» Aim of the task:
Locate, in the data below, the line that contains "To use the GRS" and the line that contains "男性向けラノベタイトル風あだ名 | 『せきあやねという概念が存在しない退屈な世界 』 |"; reproduce exactly those two lines and every line between them, nothing more.

» Data listing:
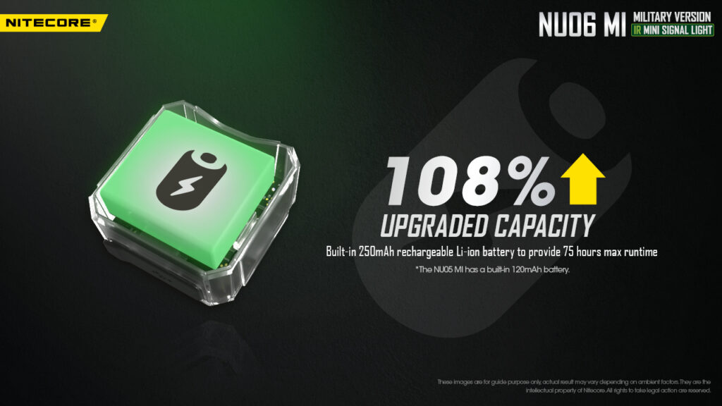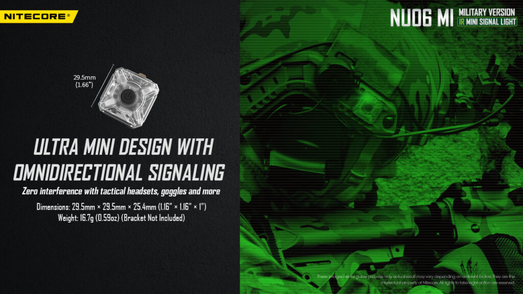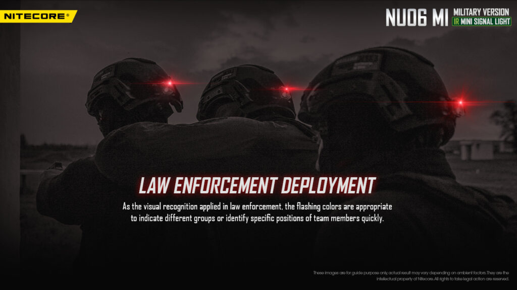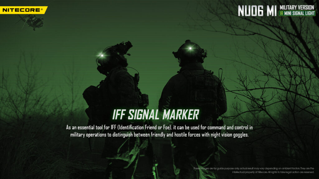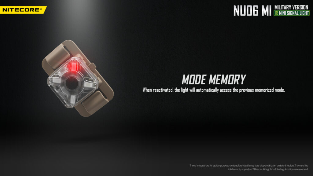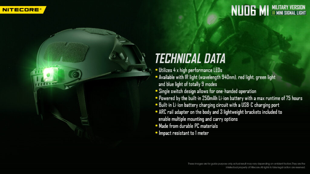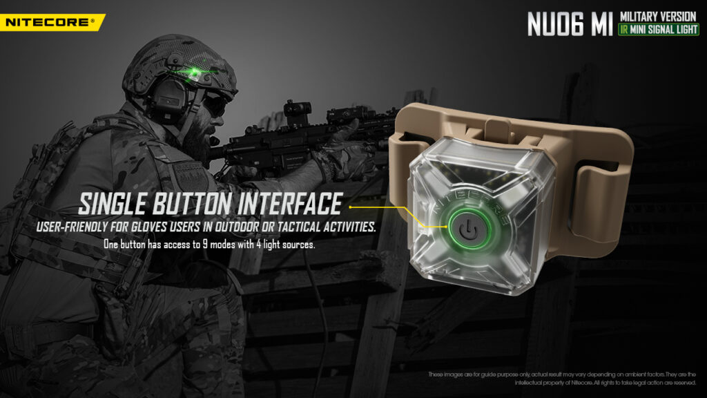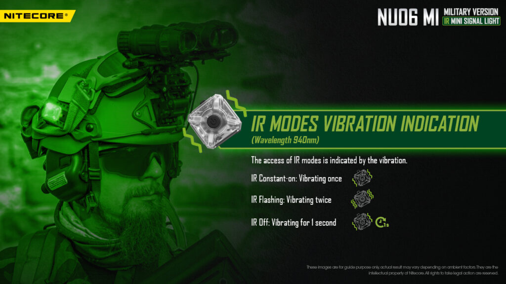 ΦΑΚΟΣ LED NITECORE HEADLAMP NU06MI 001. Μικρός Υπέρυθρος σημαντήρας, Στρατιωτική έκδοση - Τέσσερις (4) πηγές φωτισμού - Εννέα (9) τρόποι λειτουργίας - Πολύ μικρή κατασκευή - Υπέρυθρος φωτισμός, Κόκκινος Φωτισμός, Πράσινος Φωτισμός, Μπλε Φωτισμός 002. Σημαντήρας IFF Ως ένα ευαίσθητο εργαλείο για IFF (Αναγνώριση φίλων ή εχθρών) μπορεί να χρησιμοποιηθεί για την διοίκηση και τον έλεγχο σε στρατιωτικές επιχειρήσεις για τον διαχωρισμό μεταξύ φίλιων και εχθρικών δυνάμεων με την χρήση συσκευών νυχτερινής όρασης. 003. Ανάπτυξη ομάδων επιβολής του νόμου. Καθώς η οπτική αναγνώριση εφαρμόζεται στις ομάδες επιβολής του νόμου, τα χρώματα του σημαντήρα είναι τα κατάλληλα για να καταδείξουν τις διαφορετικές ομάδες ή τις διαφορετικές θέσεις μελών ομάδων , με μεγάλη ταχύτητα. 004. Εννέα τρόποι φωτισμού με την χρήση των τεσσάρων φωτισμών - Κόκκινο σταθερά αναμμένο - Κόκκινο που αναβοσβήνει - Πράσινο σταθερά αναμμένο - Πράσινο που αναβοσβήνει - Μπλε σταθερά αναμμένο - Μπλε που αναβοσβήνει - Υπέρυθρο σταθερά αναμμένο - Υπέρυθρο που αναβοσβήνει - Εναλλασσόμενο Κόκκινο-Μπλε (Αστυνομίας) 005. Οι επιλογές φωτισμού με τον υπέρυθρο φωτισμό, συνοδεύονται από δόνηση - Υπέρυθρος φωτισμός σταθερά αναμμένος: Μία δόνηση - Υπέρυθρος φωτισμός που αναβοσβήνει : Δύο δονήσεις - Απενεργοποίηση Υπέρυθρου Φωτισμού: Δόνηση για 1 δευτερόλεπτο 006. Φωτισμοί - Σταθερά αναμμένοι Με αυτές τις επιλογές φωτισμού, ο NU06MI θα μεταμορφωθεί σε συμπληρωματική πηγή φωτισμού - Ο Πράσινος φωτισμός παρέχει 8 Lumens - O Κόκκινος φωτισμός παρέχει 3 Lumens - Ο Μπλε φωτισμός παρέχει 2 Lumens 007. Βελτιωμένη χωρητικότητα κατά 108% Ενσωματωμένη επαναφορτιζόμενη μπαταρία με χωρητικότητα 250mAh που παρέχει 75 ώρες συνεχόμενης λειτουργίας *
---
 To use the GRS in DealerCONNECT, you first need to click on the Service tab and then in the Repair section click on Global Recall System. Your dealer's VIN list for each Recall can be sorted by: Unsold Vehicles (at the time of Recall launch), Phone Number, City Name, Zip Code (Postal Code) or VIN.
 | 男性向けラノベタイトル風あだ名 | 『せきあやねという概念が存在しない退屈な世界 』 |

» Finished exercise:
 To use the GRS in DealerCONNECT, you first need to click on the Service tab and then in the Repair section click on Global Recall System. Your dealer's VIN list for each Recall can be sorted by: Unsold Vehicles (at the time of Recall launch), Phone Number, City Name, Zip Code (Postal Code) or VIN.
 | 男性向けラノベタイトル風あだ名 | 『せきあやねという概念が存在しない退屈な世界 』 |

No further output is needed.